Air-gapped networks represent the highest level of network isolation — complete disconnection from any external networks including the internet and corporate IT. For government and defense organizations handling Controlled Unclassified Information (CUI), sensitive compartmented information (SCI), or classified data, air-gap provides the only path to AI capabilities without compromising security classifications.
However, building AI systems in air-gapped environments presents challenges that don't exist in connected deployments:
Despite these challenges, air-gapped AI deployment is not only possible — it's required for many government and defense use cases. This guide covers the complete framework for successful deployment.
| Data Classification | Network Requirement | AI Deployment Implications |
|---|---|---|
| Public Information | No restrictions | Cloud AI acceptable if no PHI/CUI involved. |
| Federal Contract Information (FCI) | NIST SP 800-171 minimum | CMMC Level 1 or 2 required. On-premise preferred, cloud acceptable with FedRAMP Moderate + BAA. |
| Controlled Unclassified Information (CUI) | NIST SP 800-171 full controls | CMMC Level 2 required. On-premise with segmentation. Some scenarios require IL4 or higher. |
| Secret | Semi-Secret Network (SSTT) | Air-gapped AI required. Approved hardware and software only. No external connectivity ever. |
| Top Secret | TS Network | TSA-certified AI systems only. Compartment-specific access controls. Highly restricted transfer mechanisms. |
CMMC 2.0 establishes cybersecurity requirements for defense contractors handling federal contract information. Understanding how CMMC applies to AI systems is essential for compliant deployment.
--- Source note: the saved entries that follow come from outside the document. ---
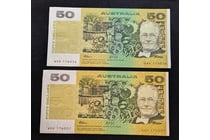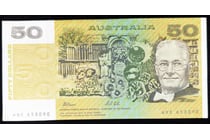 AUSTRALIAN FIFTY DOLLAR BANK NOTE WITH ERROR,...
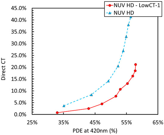Reduction of the random events trigger rate induced by NSB is another important specification for CTA and is strongly dependent on PDiCT. Indeed, in the most common triggering scheme, SiPMs are self-triggered, with the trigger level, Vtr, set at a certain threshold above the single photoelectron level. A higher CT probability increases the chances that a single photon from NSB generates a signal high enough to produce fake triggers. The rate of events caused by NSB depends on spectral filtering of photons impinging on the photo detector and on SiPM PDE, considering that NSB and Cherenkov signal feature different spectra. However, random events can also be strongly attenuated by increasing Vtr at the level of few photons, because the amplitude distribution of single, primary events in the presence of CT decreases almost exponentially with the amplitude. Different analytical models have been proposed for CT, such as, for example, in Reference [31]. On the other hand, since Cherenkov signal is faint, it is beneficial for sensitivity to reduce the triggering threshold as much as possible and to detect photons up to a wavelength of 600–650 nm. Because the NSB photon rate can be very high, the plot of PDiCT vs. PDE can be considered one of the most important inputs to calculate the figures of merit for applications such as CTA.
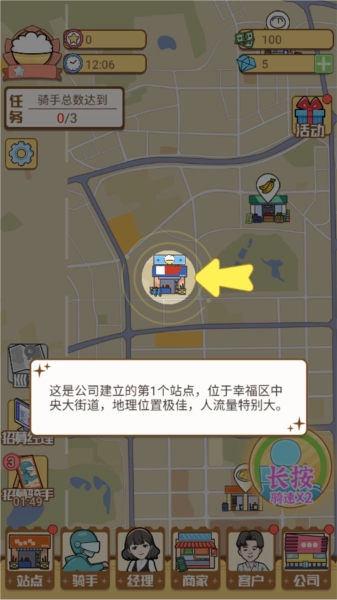 1、进入游戏后,玩家得给自己的外卖公司起个名字。
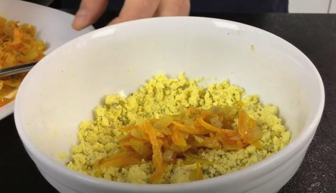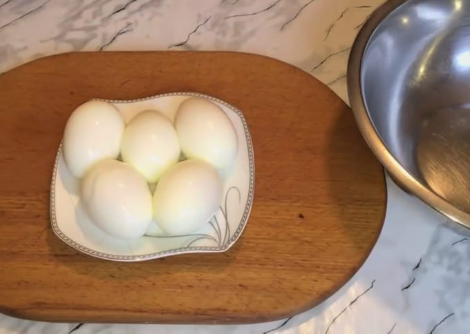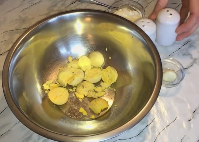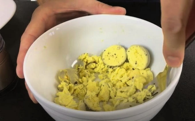 - Kook de eieren, snijd ze doormidden. We extraheren de dooiers, combineren met zout, peper en mayonaise. Grondig roeren.

| CMMC Level | Requirement | AI System Application |
|---|---|---|
| Level 1 (Foundational) | 17 safeguarding practices from NIST SP 800-171. Focus on protecting FCI. | Basic AI usage allowed but with strict endpoint protection, access controls, and antivirus. Cloud AI acceptable if vendor agrees to FCI protections. |
| Level 2 (Advanced) | All 110 NIST SP 800-171 safeguards. Full CUI protection. CMMC assessment required. | AIR systems processing CUI must meet all 110 controls. Key requirements for AI: AC.L2-3.5.1 (audit logging), SC.L2-3.5.14 (encryption), SI.L2-3.7.1 (malware detection). |
| Level 3 (Expert) | NIST SP 800-172 enhancements plus incident response and advanced threat protection. | Required for high-value contracts. AI systems need enhanced monitoring, continuous authentication, and advanced threat detection. Likely requires air-gap for sensitive workloads. |
During a CMMC assessment, expect evidence requests related to your AI systems:
FedRAMP authorization provides a pathway for using cloud services in government environments, but some use cases exceed even FedRAMP High's requirements. Understanding when FedRAMP suffices versus when air-gap is necessary is critical.
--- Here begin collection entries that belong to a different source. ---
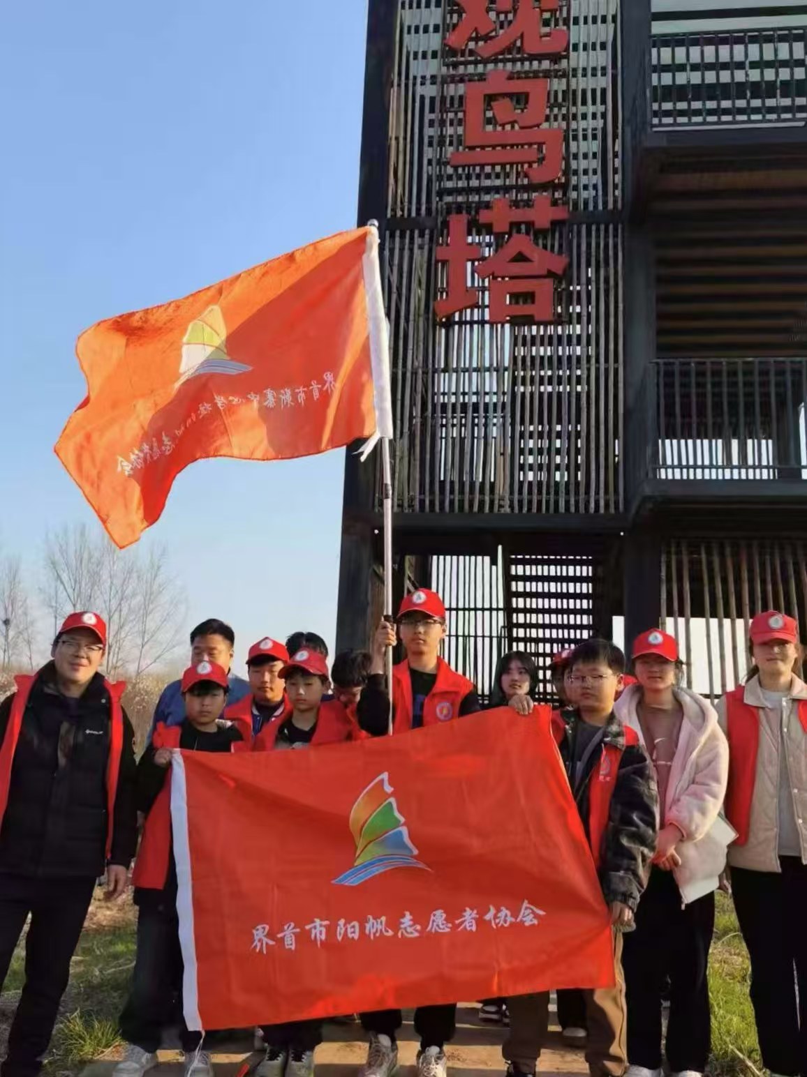 志愿者和學生們在觀鳥臺合影留念(通訊員 榮佩琪攝)
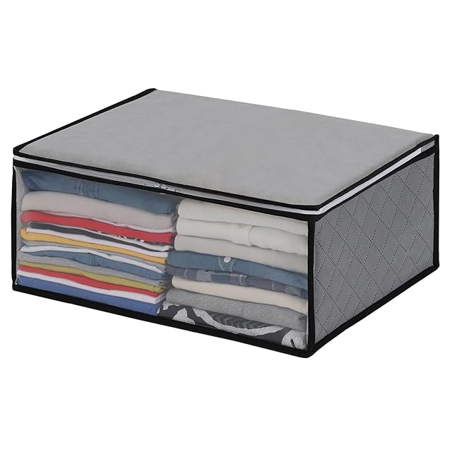 【商品仕様】:サイズ/約幅48×奥行35×高さ20cm、カラー/グレー、内容/1枚、収納目安/セーターやトレーナーなら約5~7枚・長袖シャツなら約20~25枚、材質/ポリプロピレン・活性炭・ポリエチレン
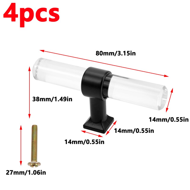 Antrader Acrylic Cabinet Knobs,4Pcs Hardware Kitchen Cabinet Knobs Acrylic Clear Crystal Drawer Pulls Drawer Knobs Acrylic Clear T-bar Knobs Single Hole,80mm Length
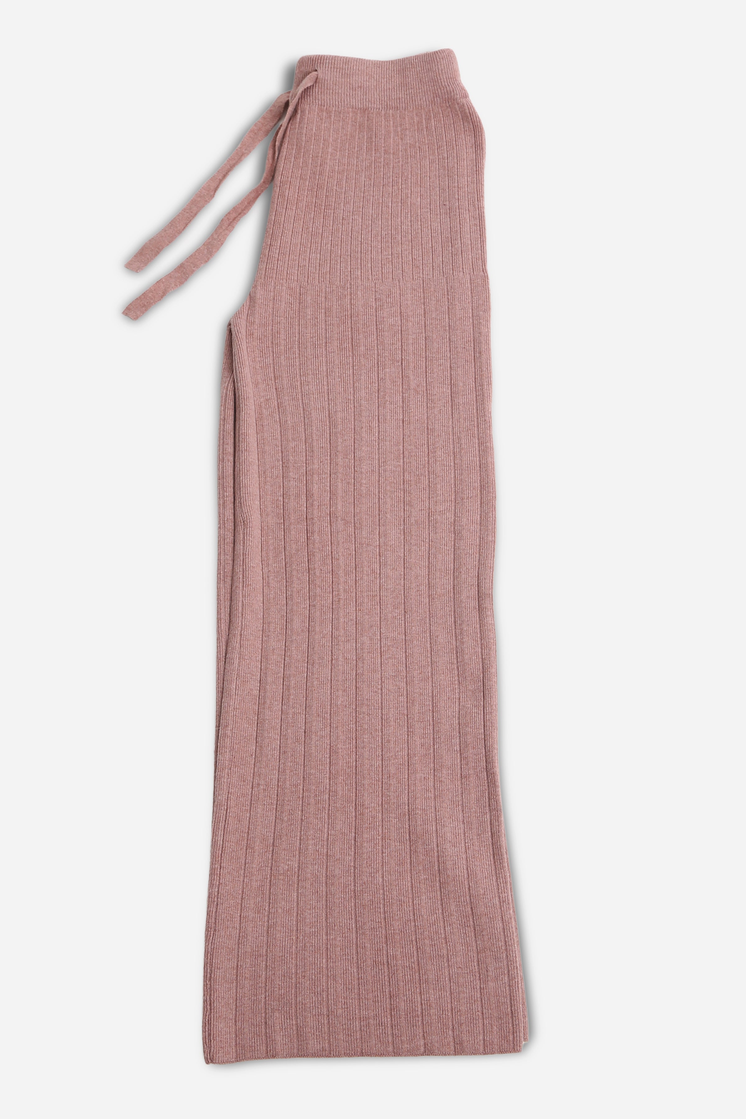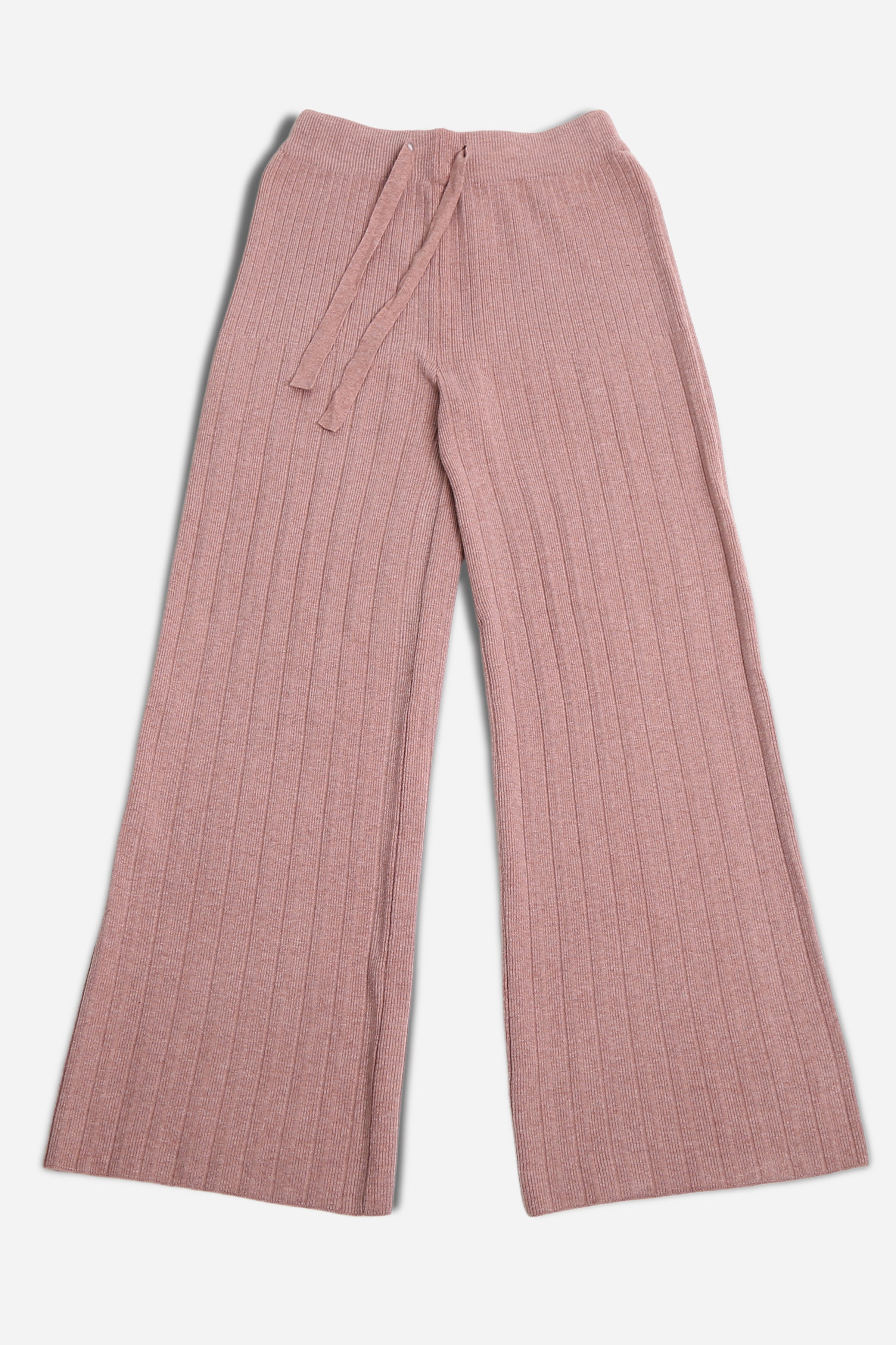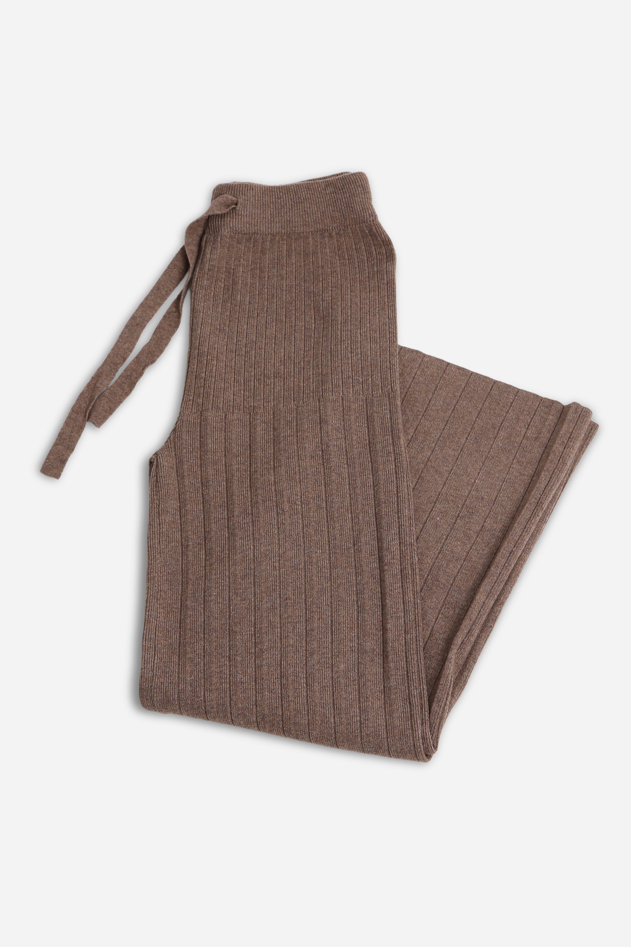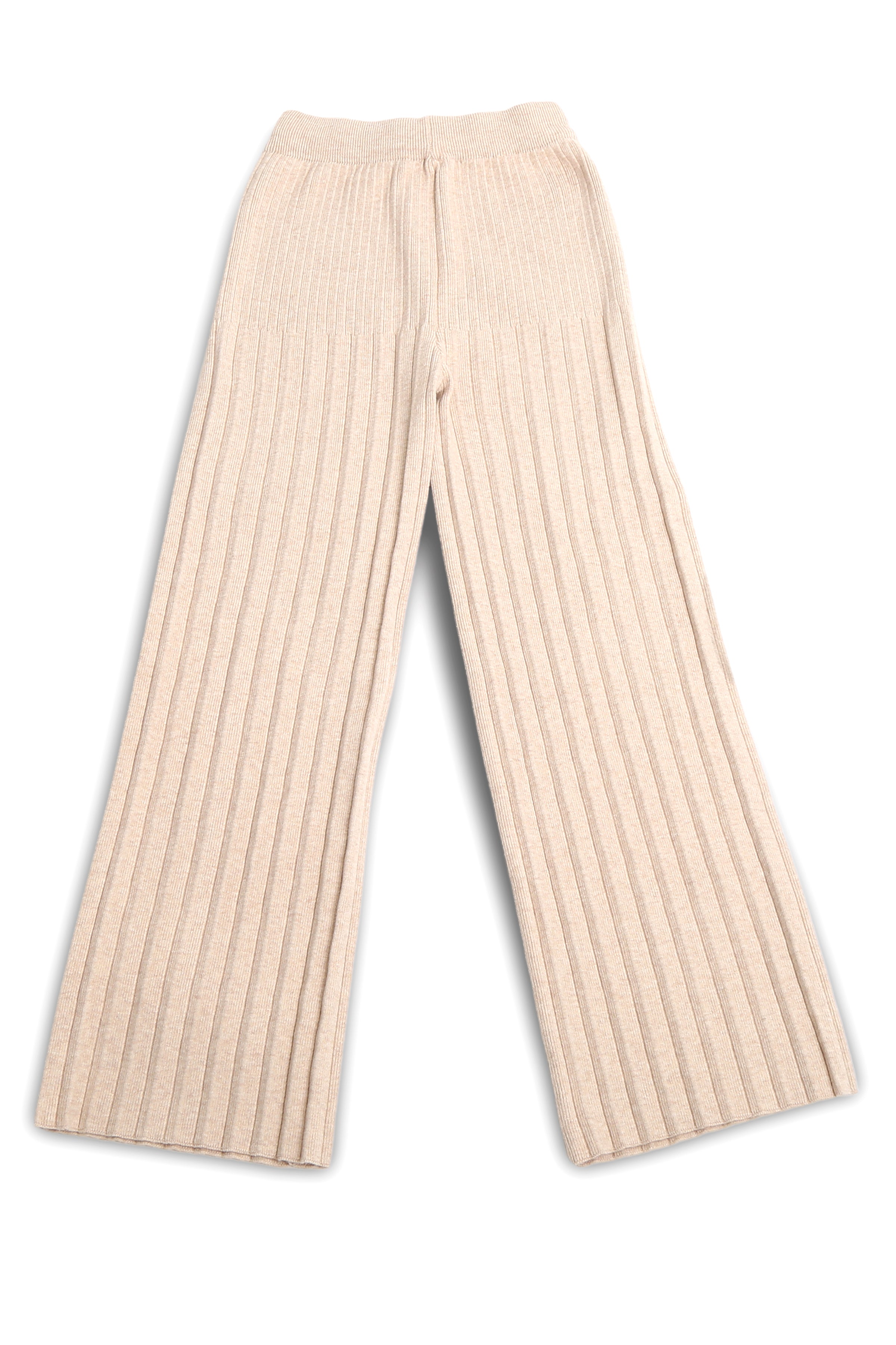 SOLID COLOR RIBBED WIDE-LEG LOUNGE PANTS W/ DRAWSTRING

| FedRAMP Level | Authority to Operate | AI Use Case Fit |
|---|---|---|
| FedRAMP Low | Public-facing applications, non-sensitive data | Not suitable for most government AI where any CUI is involved. |
| FedRAMP Moderate | Most federal data including unclassified but sensitive | Suitable for general purpose AI tools that process limited CUI. Requires additional safeguards for highly sensitive workloads. |
| FedRAMP High | FISMA High, DoD IL4, law enforcement, national security | Appropriate for CUI-rich workloads that still require cloud flexibility. Many defense AI initiatives operate here. |
Even FedRAMP High may not suffice for certain AI deployments requiring:
In these scenarios, air-gapped deployment becomes the only viable option. The tradeoff is reduced agility and increased operational overhead, but it's necessary for missions where breach consequences could compromise national security.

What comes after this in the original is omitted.